Wayang (Krama Javanese: ꦫꦶꦁꦒꦶꦠ꧀ Ringgit) is a Javanese word for a theatrical performance with puppets or human dancers. When the term is used to refer to kinds of puppet theatre, sometimes the puppet itself is referred to as wayang. Performances of shadow puppet theatre are accompanied by a gamelan orchestra in Java, and by gender wayang in Bali.
UNESCO designated wayang kulit, a shadow puppet theatre and the best known of the Indonesian wayang, as a Masterpiece of Oral and Intangible Heritage of Humanity on 7 November 2003. In return for the acknowledgment, UNESCO required Indonesians to preserve their heritage.
The term 'wayang' is the Javanese word for shadow, or bayang in standard Indonesian; the word also means "imagination." In modern daily Javanese and Indonesian vocabulary, wayang can refer to the puppet itself or the whole puppet theatre performance.

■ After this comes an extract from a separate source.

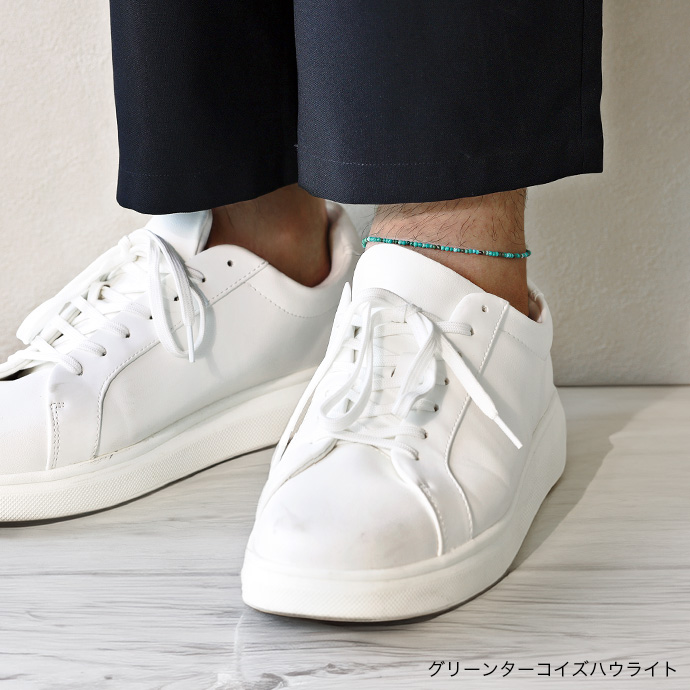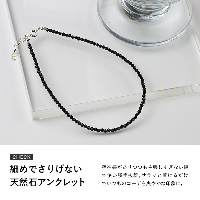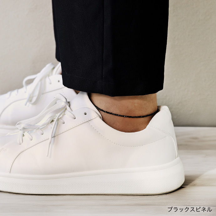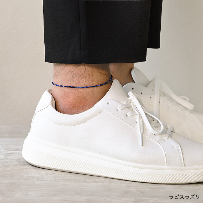 多面カットが施された小さめの天然石を使用したアンクレットです。存在感がありつつも主張しすぎない細め幅で、サラッと着けるだけでいつものコーデを爽やかな印象に。 アジャスターで長さ調整可能なのでむくみやすい人も安心、男性も女性も着用いただけます。気分やコーデに合わせて着ける色を変えるのも楽しい、足元まで隙の無いコーデに仕上げてくれるアイテムです。 [2025年7月11日リニューアル]石のラインナップを一部変更しました | |

Wayang is a generic term denoting traditional theatre in Indonesia. There is no evidence that wayang existed before the first century CE, when Hinduism and Buddhism were brought to Southeast Asia. This leads to the hypothesis that the art was imported from either India or China, both of which have a long tradition of shadow puppetry and theatre in general. Jivan Pani has argued that wayang developed from two arts of Odisha in Eastern India, the Ravana Chhaya puppet theatre and the Chhau dance. However, there very well may have been indigenous storytelling traditions that had a profound impact on the development of the traditional puppet theatre.